(Beginning of Entries supplied)
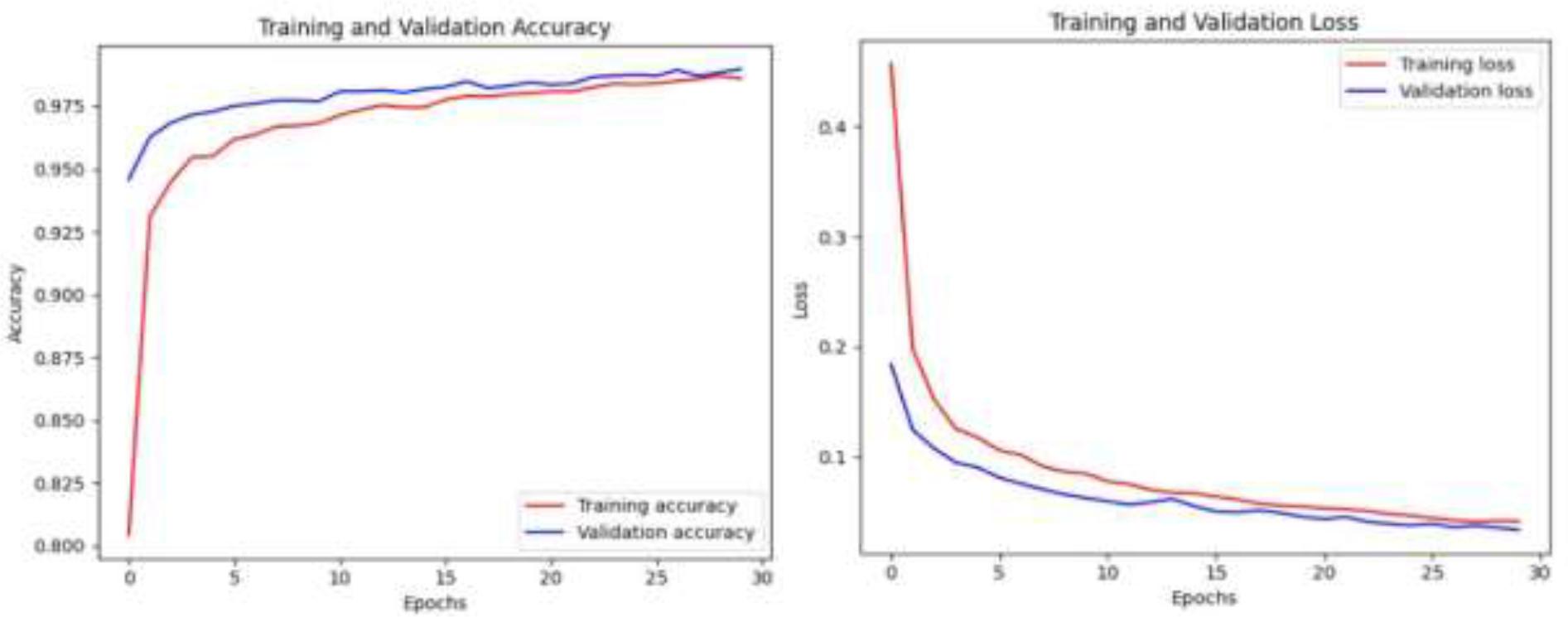 The model's stability and ongoing performance improvement were demonstrated by plotting the loss and accuracy curves for both training and validation. As shown in Figures 11 and 12, the accuracy and loss curves for the VGG16 and ResNet50 models exhibited distinct patterns after 30 epochs of training. During the early epochs, the models had lower accuracy and higher loss values. However, as training progressed, the accuracy gradually improved, and the loss decreased. By the end of 30 epochs, both the accuracy and loss curves had stabilized, indicating convergence. Ultimately, the accuracy of VGG16 and ResNet50 reached 98.49% and 97.51%, respectively[15].
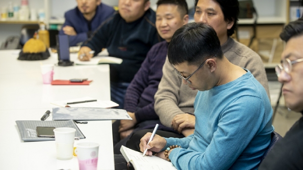 创新基地2020-2021年度项目中,有四位非遗传承人经由“BMW中国文化之旅”辽宁探访遴选而出,分别为辽宁传统琥珀雕刻技艺国家级非物质文化遗产传承人陈焕升、辽宁传统锡雕技艺非遗传承人石岩、松花石雕刻技艺第五代传承人冯月婷和阜新玛瑙雕刻技艺非遗传承人杨帆。此外,在2020年疫情肆虐武汉之后,项目还特别资助来自湖北省的楚式漆器髹饰技艺代表性非遗传承人邹传志和楚地斫琴技艺非遗传承人万翔进入创新基地,助力湖北非遗传承人。经过为期三个月的理论学习、实地考察及作品创作设计交流研讨,由清华大学美术学院鲁晓波老师、王晓昕老师、杨佩璋老师、刘润福老师、宿志鹏老师及马文甲老师组成的清华大学美术学院专家导师团队,以一对一“做中学”的模式与六位非遗传承人共同开发设计了一系列非遗文创品,并于2021年底发布。
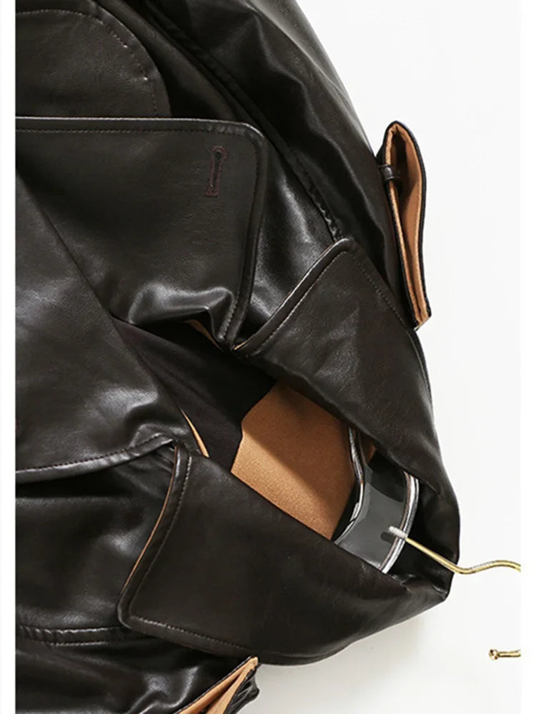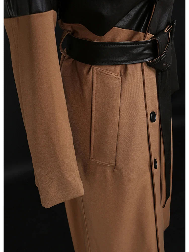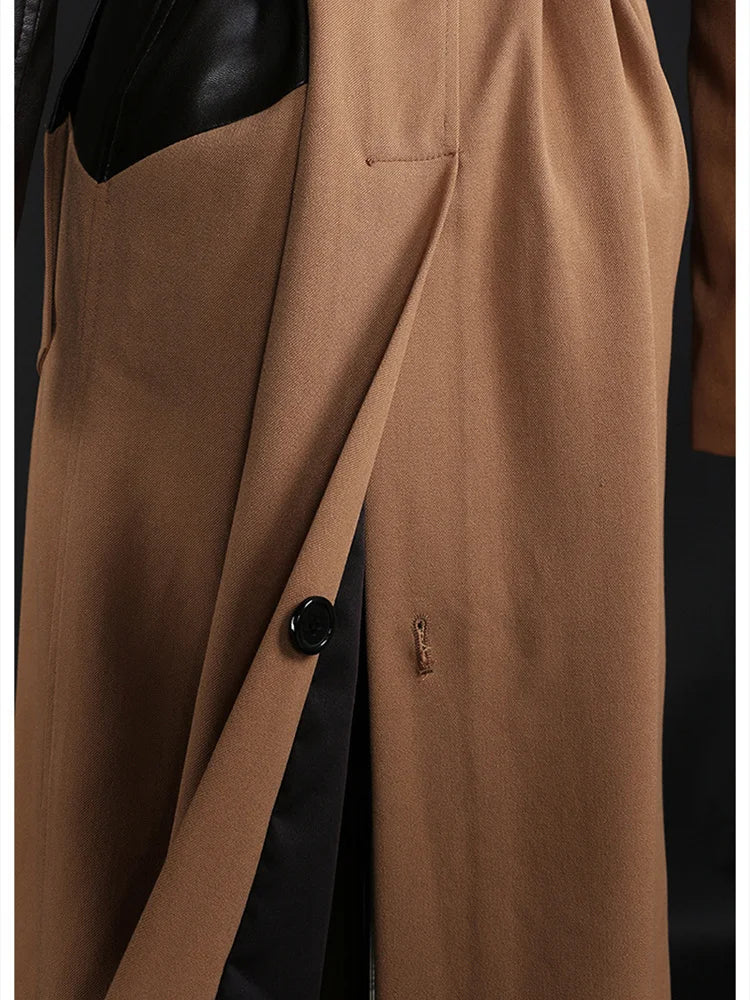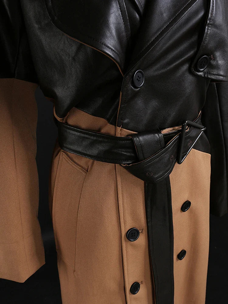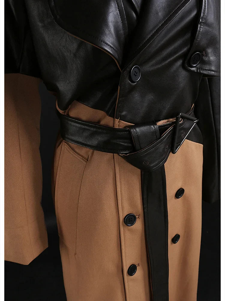 Effortlessly sophisticated. this oversized faux leather trench coat in a timeless khaki blend brings elegance and comfort together.
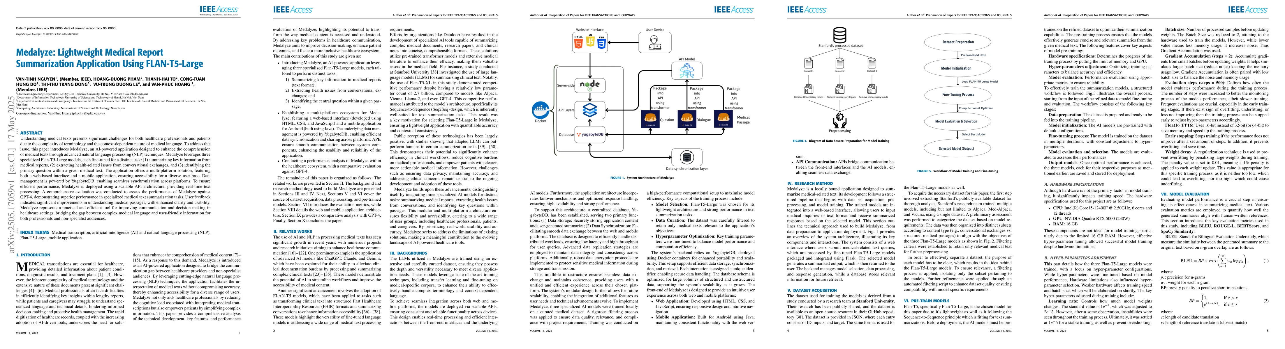 The paper introduces Medalyze, an AI application using three specialized FLAN-T5-Large models fine-tuned for summarizing medical reports, extracting health issues from patient-doctor conversations, and identifying key questions in passages.
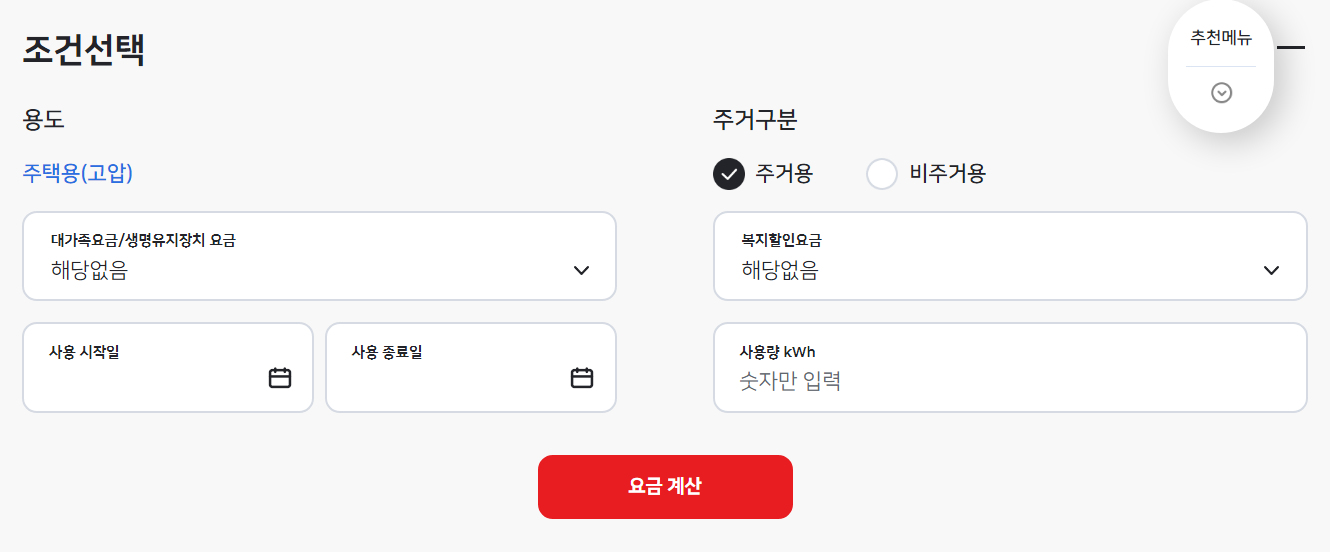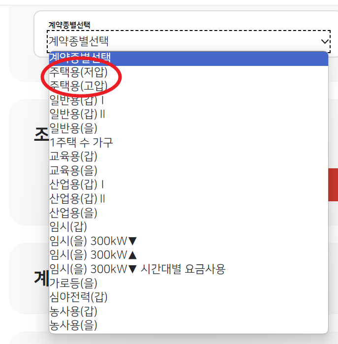 가정용 전기요금 조회시에는 주택용 (저압) or (고압) 중에 선택해주시면 됩니다.
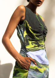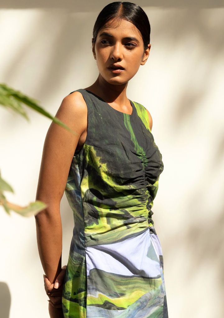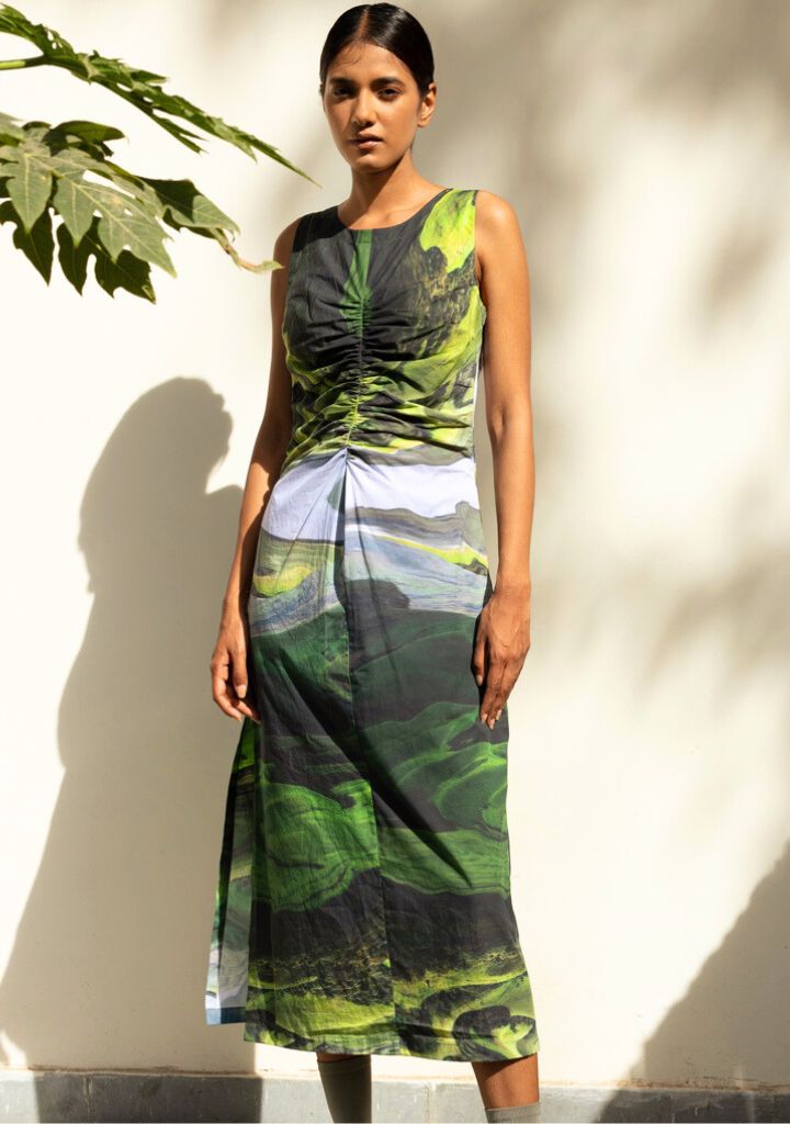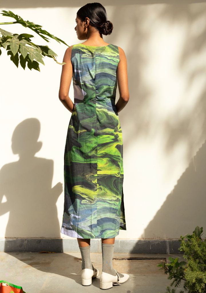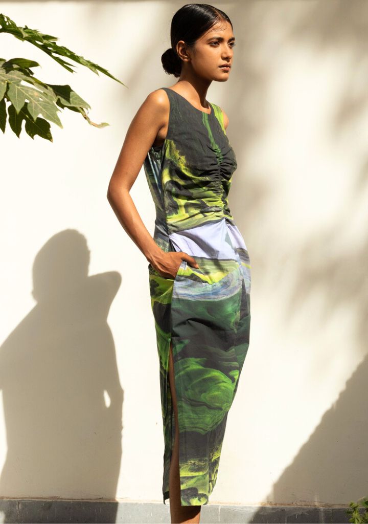 A printed midi dress with detailing in the front. Features a round neck, inseam pockets and a side slits. Length 50". The model is 5'5" and is wearing size M.
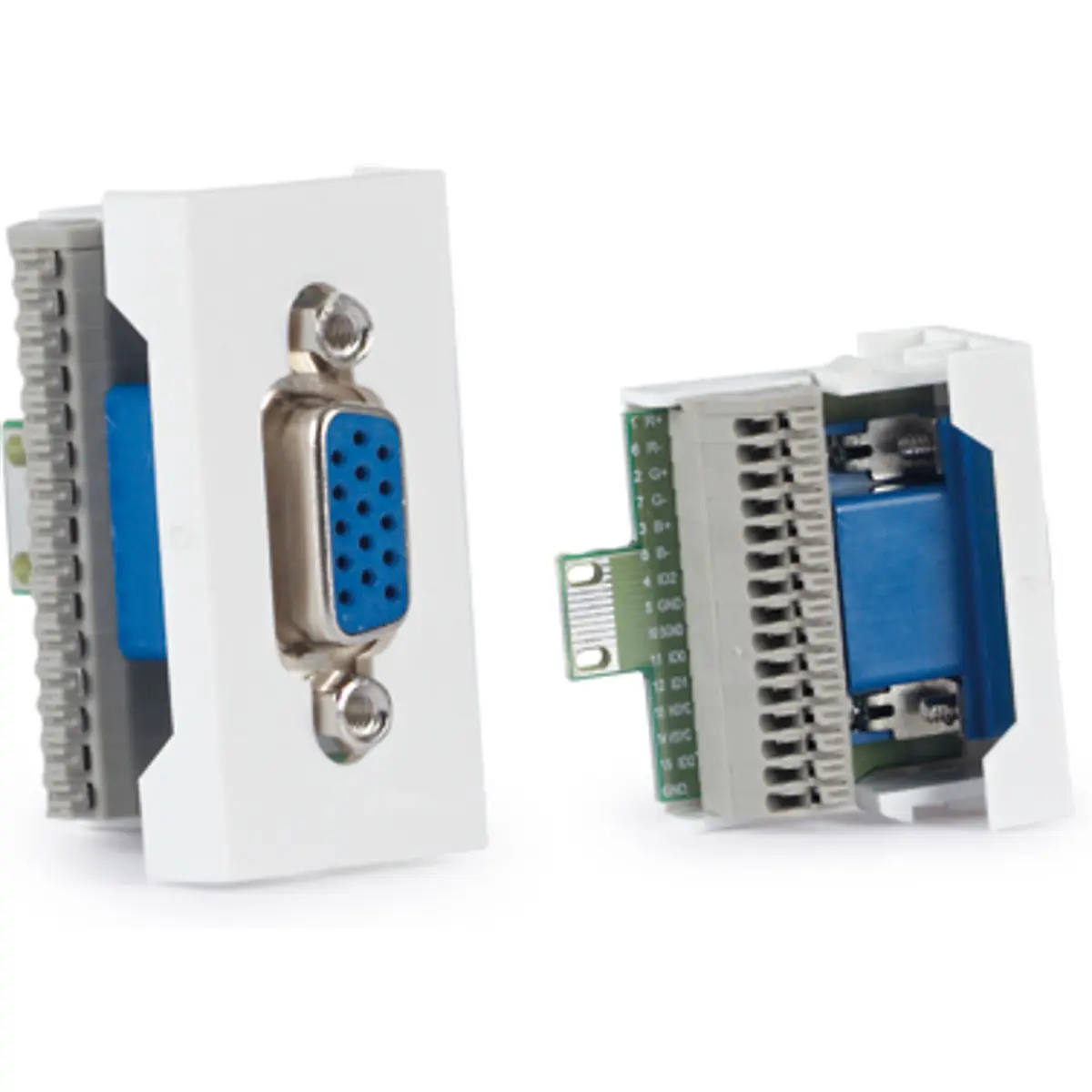 Conector VGA HD15 fêmea para 1/2 painel de ligação, indicado para painéis de ligação modulares. Oferece ligação rápida sem parafusos, ideal para montagem eficiente em sistemas que exigem conectividade VGA estável. Dimensões compactas de 22,5 x 45 x 42,6 mm facilitam a integração em painéis modulares sem ocupar espaço excessivo.
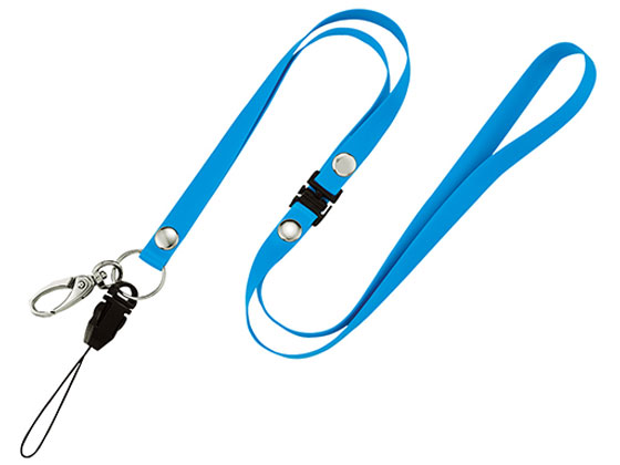 ●強く引っ張るとひもが外れる安全装置付きです。●名札用ケースや携帯電話などが取付けられます。 |
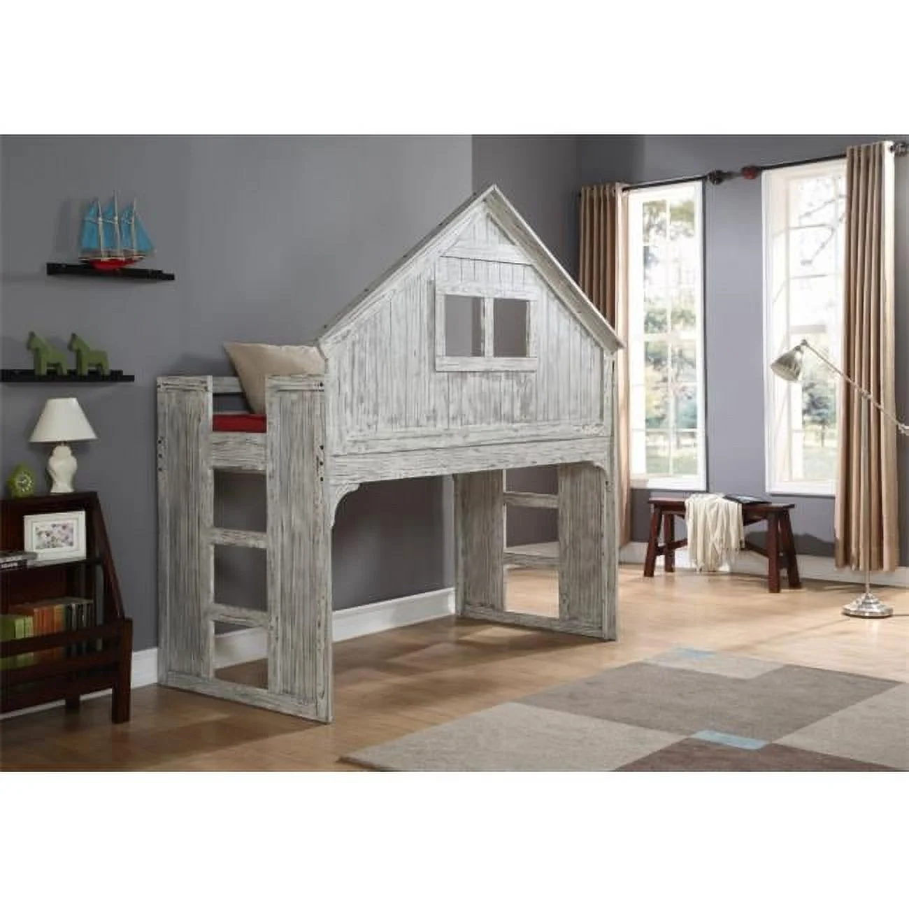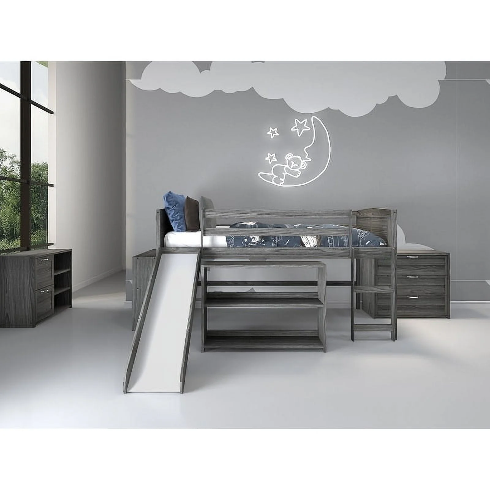 Donco Kids PD-790AAG-785AG Twin Size Louver Low Loft Bed with Slide in Antique Grey
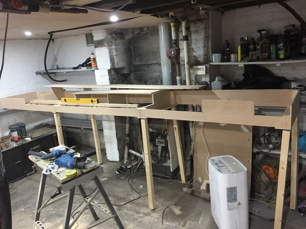 "Board A", aka the back left corner. one end supported by a shelf (the grey bit of wood bottom left, waiting for primer to dry so not in place on the wall brackets.. hence the whole thing not being even close to level).
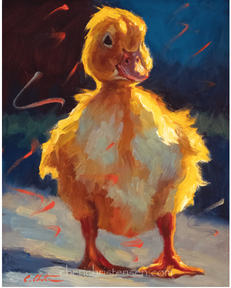 When an imaginative artist paints a duckling, she isn’t just accurately depicting a wild animal. Rather, she’s making visible a whole world of the mind and heart. Take two of Cheri Christensen’s oil paintings of ducklings, “Feathered Whimsy” and “Beyond the Water’s Edge.”
(End of Entries supplied)
■ Instructions to follow:
Each entry is to be written out again word for word, and any pictures are to be omitted.

■ Exercise response:
 The model's stability and ongoing performance improvement were demonstrated by plotting the loss and accuracy curves for both training and validation. As shown in Figures 11 and 12, the accuracy and loss curves for the VGG16 and ResNet50 models exhibited distinct patterns after 30 epochs of training. During the early epochs, the models had lower accuracy and higher loss values. However, as training progressed, the accuracy gradually improved, and the loss decreased. By the end of 30 epochs, both the accuracy and loss curves had stabilized, indicating convergence. Ultimately, the accuracy of VGG16 and ResNet50 reached 98.49% and 97.51%, respectively[15].
 创新基地2020-2021年度项目中,有四位非遗传承人经由“BMW中国文化之旅”辽宁探访遴选而出,分别为辽宁传统琥珀雕刻技艺国家级非物质文化遗产传承人陈焕升、辽宁传统锡雕技艺非遗传承人石岩、松花石雕刻技艺第五代传承人冯月婷和阜新玛瑙雕刻技艺非遗传承人杨帆。此外,在2020年疫情肆虐武汉之后,项目还特别资助来自湖北省的楚式漆器髹饰技艺代表性非遗传承人邹传志和楚地斫琴技艺非遗传承人万翔进入创新基地,助力湖北非遗传承人。经过为期三个月的理论学习、实地考察及作品创作设计交流研讨,由清华大学美术学院鲁晓波老师、王晓昕老师、杨佩璋老师、刘润福老师、宿志鹏老师及马文甲老师组成的清华大学美术学院专家导师团队,以一对一“做中学”的模式与六位非遗传承人共同开发设计了一系列非遗文创品,并于2021年底发布。
 Effortlessly sophisticated. this oversized faux leather trench coat in a timeless khaki blend brings elegance and comfort together.
 The paper introduces Medalyze, an AI application using three specialized FLAN-T5-Large models fine-tuned for summarizing medical reports, extracting health issues from patient-doctor conversations, and identifying key questions in passages.
 가정용 전기요금 조회시에는 주택용 (저압) or (고압) 중에 선택해주시면 됩니다.
 A printed midi dress with detailing in the front. Features a round neck, inseam pockets and a side slits. Length 50". The model is 5'5" and is wearing size M.
 Conector VGA HD15 fêmea para 1/2 painel de ligação, indicado para painéis de ligação modulares. Oferece ligação rápida sem parafusos, ideal para montagem eficiente em sistemas que exigem conectividade VGA estável. Dimensões compactas de 22,5 x 45 x 42,6 mm facilitam a integração em painéis modulares sem ocupar espaço excessivo.
 ●強く引っ張るとひもが外れる安全装置付きです。●名札用ケースや携帯電話などが取付けられます。 |
 Donco Kids PD-790AAG-785AG Twin Size Louver Low Loft Bed with Slide in Antique Grey
 "Board A", aka the back left corner. one end supported by a shelf (the grey bit of wood bottom left, waiting for primer to dry so not in place on the wall brackets.. hence the whole thing not being even close to level).
 When an imaginative artist paints a duckling, she isn’t just accurately depicting a wild animal. Rather, she’s making visible a whole world of the mind and heart. Take two of Cheri Christensen’s oil paintings of ducklings, “Feathered Whimsy” and “Beyond the Water’s Edge.”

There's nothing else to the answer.